WebRTC: RTP synchronization and PTS assignment issues
Reported by
mparisd...@gmail.com,
Sep 29 2016
|
|||||
Issue description
UserAgent: Mozilla/5.0 (X11; Ubuntu; Linux x86_64; rv:49.0) Gecko/20100101 Firefox/49.0
Steps to reproduce the problem:
Hello,
I am dealing with synchronization and PTS assignment issues interoperating with Chrome in our implementation.
The interstream synchronization (typically known as lypsync) and the PTS assignment are based on:
Timestamp of the RTP packets received [1]
RTP timestamp of the RTP SR (Sender Report) packets received [2]
NTP timestamp of the RTP SR (Sender Report) packets received [2]
Specifically, I have problems in the video PTS assignment due to:
Huge gaps in the timestamp of the RTP packets sent by Chrome.
The intrinsic problem of receiving RTP and RTCP-SR packets out of sync (not serialized).
Even, the RTCP-SR can be lost
To understand the problem I am exposing a real example.

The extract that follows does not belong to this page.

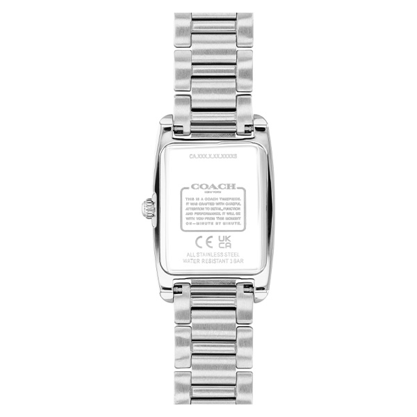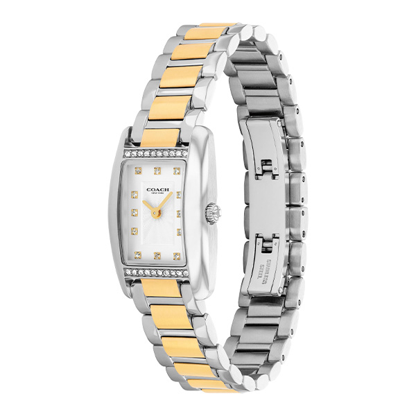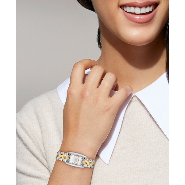 丸みを帯びたスクエアケースが、柔らかさと洗練された雰囲気を両立させています。ケースの上下(ラグ部分)には、華やかなストーンがあしらわれており、手元に輝きを添えます。
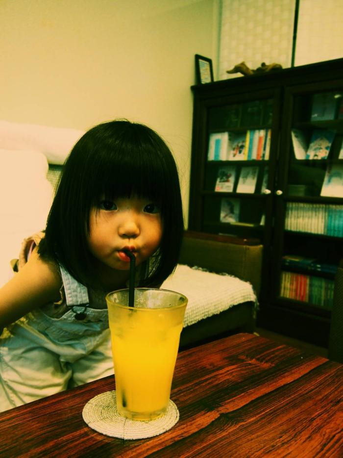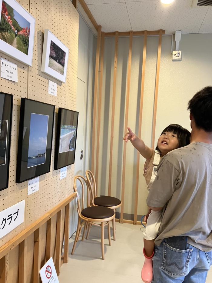 こんにちは竹村です。 お盆 みなさんゆっくりできましたか。 お盆前の休日 波方のシクロカフェで重松建設写真部の展示がありいってきました。 今回私は娘しばりだったので 自分をみて嬉しがるむちこ。 オレンジジュースを飲むむちこ。

The example shows part of a video RTP stream where the clockrate is 90000:
The RTCP-SR-M is received
SSRC: 100020, rtp_time: 1874314573, ntp_time: 15816590577043708928, ntp_ns_time: 1022940:49:24.462815999
The RTP packets of the VideoFrame-N are received
seqnum 8016, rtptime 1874315833, pts 0:00:22.727008174
seqnum 8017, rtptime 1874315833, pts 0:00:22.727008174
seqnum 8018, rtptime 1874315833, pts 0:00:22.727008174
seqnum 8019, rtptime 1874315833, pts 0:00:22.727008174
[5 frames more received seqnums: 8020-8040]
The RTP packets of the VideoFrame-(N+6) are received
seqnum 8041, rtptime 1874342833, pts 0:00:23.027008174
seqnum 8042, rtptime 1874342833, pts 0:00:23.027008174
seqnum 8043, rtptime 1874342833, pts 0:00:23.027008174
seqnum 8044, rtptime 1874342833, pts 0:00:23.027008174
An RTCP-SR-(M+1) is received
SSRC: 100020, rtp_time: 1874345983, ntp_time: 15816590579105293230, ntp_ns_time: 1022940:49:24.942815999
The RTP packets of the VideoFrame-(N+7) are received
Here we can notice a huge increment gap in the RTP timestamps: 3.687 seconds [(1874674663 - 1874342833) / 90000]
seqnum 8045, rtptime 1874674663, pts 0:00:26.845008174
seqnum 8046, rtptime 1874674663, pts 0:00:26.845008174
seqnum 8047, rtptime 1874674663, pts 0:00:26.845008174
seqnum 8048, rtptime 1874674663, pts 0:00:26.845008174
seqnum 8049, rtptime 1874674663, pts 0:00:26.845008174
seqnum 8050, rtptime 1874674663, pts 0:00:26.845008174
seqnum 8051, rtptime 1874674663, pts 0:00:26.845008174
seqnum 8052, rtptime 1874674663, pts 0:00:26.845008174
[3 frames more received seqnums: 8053-8068]
The RTP packets of the VideoFrame-(N+11) are received
seqnum 8069, rtptime 1874699503, pts 0:00:27.121008174
seqnum 8070, rtptime 1874699503, pts 0:00:27.121008174
seqnum 8071, rtptime 1874699503, pts 0:00:27.121008174
the RTCP-SR-(M+2) is received
Here we can notice a huge increment gap between the RTP timestamp of this RTCP SR packet and the last one: 3.948 seconds [(1874701303 - 1874345983) / 90000]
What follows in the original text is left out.